The median of the grades is the same in economics and statistics (median = 10). Therefore, had we computed only the medians, we could have concluded that the students performed as well in economics as in statistics. However, although the medians are exactly the same for both classes, it is clear that students performed better in economics than in statistics. In fact, the mean of the grades in economics is 13.6 and the mean of the grades in statistics is 8.6. What we have just shown here is that the median is based only on one single value, the middle value, or on the two middle values if there are an even number of observations, while the mean is based on all values (and thus includes more information). The median is therefore not sensible to outliers, but it is also not unique (i.e., not specific) to different series of data, whereas the mean is much more likely to be different and unique for different series of data. This difference in terms of specificity and uniqueness between the two measures may make the mean more useful for data with no outlier.

In conclusion, depending on the context and the data, it is often more interesting to report the mean or the median, or both. As a last remark regarding the comparison between the two most important location measures, note that when the mean and median are equal, the distribution of your data can often be considered to follow a normal distribution (also referred as Gaussian distribution).

\(1^{st}\) and \(3^{rd}\) quartiles

The first and third quartiles are similar to the median in the sense that they also divide the observations into two parts, except that these parts are not equal. Remind that the median divides the data into two equal parts (with 50% of the observations below and 50% above the median). The first quartile cuts the observations such that there are 25% of the observations below and thus 75% above the first quartile. The third quartile, as you have guessed by now, represents the value with 75% of the observations below it and thus 25% of the observations above it. There exists several methods to compute the first and third quartile (which sometimes give slight differences, R for instance uses a different method), but here is I believe the easiest one when computing these statistics by hand:

  1. sort the data in ascending order
  2. compute \(0.25 \cdot n\) and \(0.75 \cdot n\) (i.e., 0.25 and 0.75 times the number of observations)
  3. round up these two numbers to the next whole number
  4. these two numbers represent the rank of the first and third quartile (in the sorted series), respectively

The steps are the same for both an odd and even number of observations.

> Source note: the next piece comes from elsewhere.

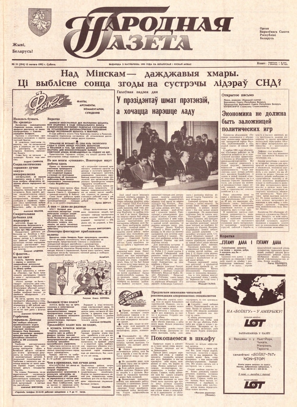 «Народная газета» — орган Вярхоўнага Савета Рэспублікі Беларусь. Выдавец: Адкрытае акцыянернае таварыства Народная газета. Выходзіць штодзённа, акрамя нядзелі і панядзелка, 250 разоў у год. Выдаецца з кастрычніка 1990 года на беларускай і рускай мовах. З 1990 па 1995 год пасаду галоўнага рэдактара «Народнай газеты» займаў Іосіф Сярэдзіч. З мая 1990 па студзень 1996 — дэпутат Вярхоўнага Савета XII склікання. Выданне займала ўмераную цэнтрысцкую пазыцыю, імкнучыся адлюстраваць палітычныя погляды большасці грамадзян. 17 сакавіка 1995 г. Указам № 113 Аляксандр Лукашэнка прызначыў галоўным рэдактарам «Народнай газеты» Мікалая Галко, не зважаючы на тое, што правам прызначаць галоўнага рэдактара сваёй уласнай газеты валодаў толькі Вярхоўны савет.

Here is an example with the following series, representing the height in cm of 9 adults:

170.2, 181.5, 188.9, 163.9, 166.4, 163.7, 160.4, 175.8 and 181.5

We first order from lowest to highest:

160.4, 163.7, 163.9, 166.4, 170.2, 175.8, 181.5, 181.5 and 188.9

There are 9 observations so \[0.25 \cdot 9 = 2.25\] and \[0.75 \cdot 9 = 6.75\]

Rounding up to the whole number gives 3 and 7, which represent the rank of the first and third quartiles, respectively. Therefore, the first quartile is 163.9 cm and the third quartile is 181.5 cm.

In conclusion, 25% of adults are less than 163.9 cm tall (and thus 75% of them are more than 163.9 cm tall), while 75% of adults are less than 181.5 cm tall (and thus 25% of them are more than 181.5 cm tall).

\(q_{0.25}\), \(q_{0.75}\) and \(q_{0.5}\)

Note that the first quartile is denoted \(q_{0.25}\) and the third quartile is denoted \(q_{0.75}\) (where \(q\) stands for quartile). As you can see, the median is actually the second quartile and for this reason it is also sometimes denoted \(q_{0.5}\).

A note on deciles and percentiles

Deciles and percentiles are similar to quartiles except that they cuts the data in 10 and 100 equal parts. For instance, the \(4^{th}\) decile (\(q_{0.4}\)) is the value such that there are 40% of the observations below it and thus 60% of the observations above it. Furthermore, the \(98^{th}\) percentile (\(q_{0.98}\), also sometimes denoted \(P98\)) is the value such that there are 98% of the observations below it and thus 2% of the observations above it. Percentiles are often used for the weight and height of babies, giving precise information to the parents about where their child stands compared to other children of the same age.

Mode

The mode of a series is the value that appears most often. In other words, it is the value that has the highest number of occurrences. Given the height of 9 adults:

170, 168, 171, 170, 182, 165, 170, 189 and 167

The mode is 170 because it is the most common value with 3 occurrences. All other values appear only once. In conclusion, most adults of this sample are 170 cm tall. Note that it is possible that a series has no mode (e.g., 4, 7, 2 and 10) or more than one mode (e.g., 4, 2, 2, 8, 11 and 11).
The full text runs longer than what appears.